Many recent language model (LM) successes have been achieved within a “static paradigm”, where the focus is on improving performance on tests created without regard to aspect. temporal data. For example, answering questions about events that the model might learn about during training, or evaluating on text subsampled from the same time period as the training data. However, our language and knowledge are dynamic and constantly evolving. Therefore, to enable a more realistic evaluation of question-answering models for the next leap in performance, it is essential to ensure that they are flexible and robust in the face of new and unseen data.
In 2021 we published Mind the Gap: Assessing Temporal Generalization in Neural Language Models and the dynamic language modeling references for WMT and arXiv to facilitate the evaluation of language models that take temporal dynamics into account.
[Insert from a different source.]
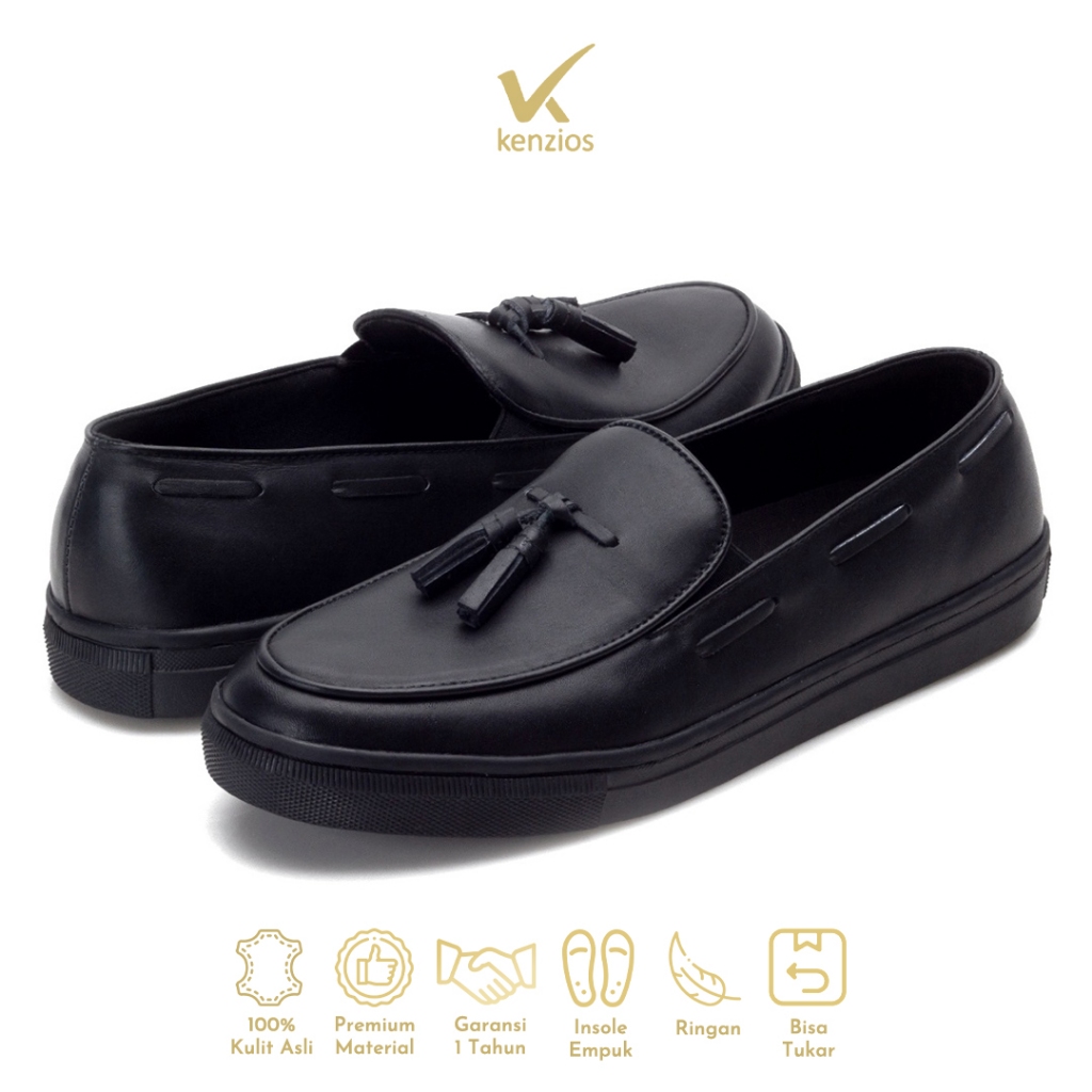 Kenzios Sepatu Formal Pria Kulit Asli BILL 2.0 Full Black Series

In this paper, we highlighted the issues that today's large state-of-the-art LMs face in temporal generalization and found that knowledge-intensive tokens suffer a significant performance impact.
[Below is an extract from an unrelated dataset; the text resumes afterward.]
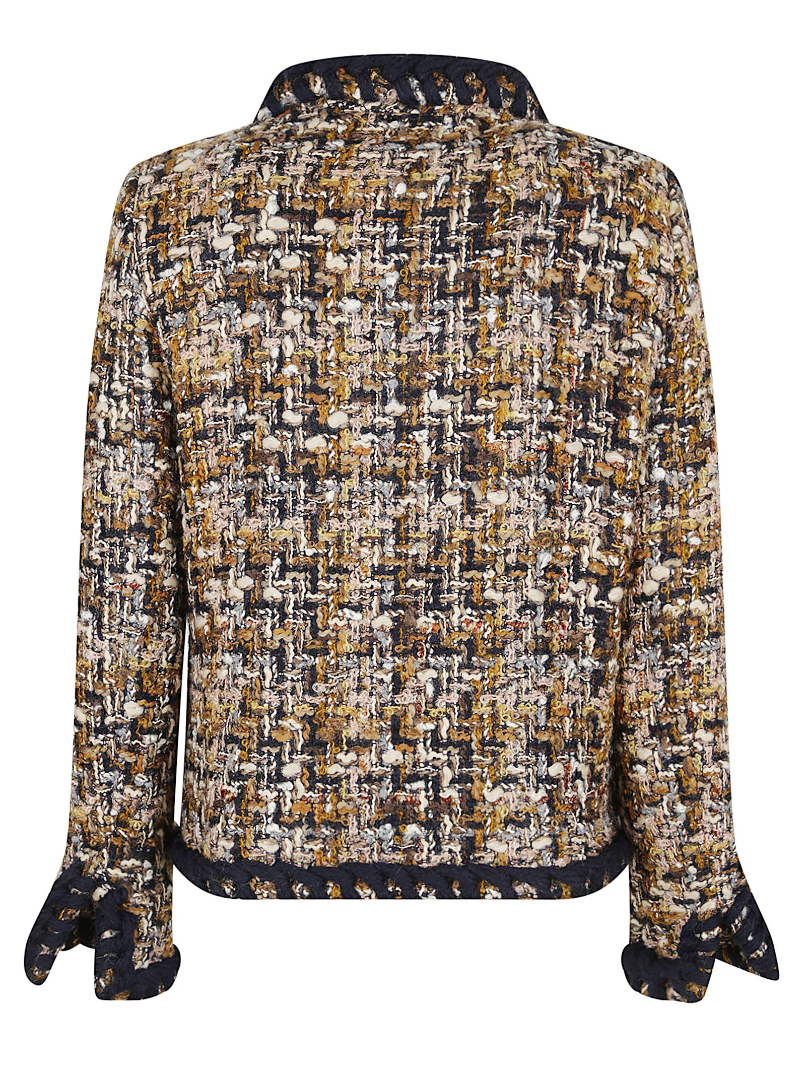 BLU E GIALLO multicolore in tweed chiusura frontale con bottoni maniche lunghe

Today we publish two articles and a new reference that advance research on this topic. In StreamingQA: a benchmark for adapting to new knowledge over time in question answering modelswe study the downstream Q&A task on our proposed new benchmark, StreamingQA: We want to understand how retrieval-augmented parametric and semi-parametric Q&A models adapt to new information, in order to answer questions about new events. In Internet-enhanced language models with few-step prompts to answer open-domain questions, we explore the power of combining a large language model with few-click prompts and Google Search as a retrieval component. In doing so, we aim to improve the factuality of the model, while ensuring that it has access to up-to-date information to answer a diverse set of questions.
StreamingQA: a benchmark for adapting to new knowledge over time in question answering models
Language knowledge and understanding of models assessed by question-answering (QA) have been commonly studied on static knowledge snapshots, such as Wikipedia. To study how semi-parametric QA models and their underlying parametric LMs adapt to evolving knowledge, we built the new large-scale benchmark, StreamingQA, with human-written questions and automatically generated, asked on a given date, which must be answered with 14 years of experience. Timestamped news articles (see Figure 2). We show that parametric models can be updated without complete retraining, while avoiding catastrophic oversights. For semi-parametric models, adding new articles to the search space allows rapid adaptation. However, models with an obsolete underlying LM underperform those with a recycled LM.
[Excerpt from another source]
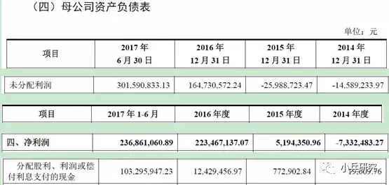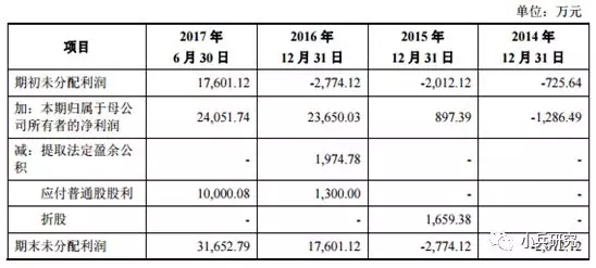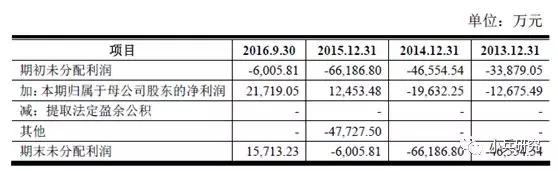 股改时未分配利润在本来为负数的基础上还继续减少,由于暂时只有招股说明书无法准确判断,但有一种可能原因,2015年1-9月公司盈利3,118万元,9月30日股改基准日是母公司未分配利润为1,659万元,母公司未分配利润归零。然后10-12月继续亏损2,599万元,全年盈利519万元与母公司利润表披露相符。

Internet-enhanced language models with few-step prompts to answer questions in an open domain
We aim to capitalize on the unique capabilities offered by large-scale language models to overcome some of their challenges, with respect to basing them on factual and up-to-date information. Motivated by semi-parametric LMs, which base their decisions on externally retrieved evidence, we use few-step prompts to learn how to condition LMs on information returned from the web using Google Search, a source vast and constantly updated knowledge. Our approach does not involve fine-tuning or learning additional parameters, making it applicable to virtually any language model. And indeed, we find that web-conditioned LMs outperform closed-book models of similar or even larger size in answering open-domain questions.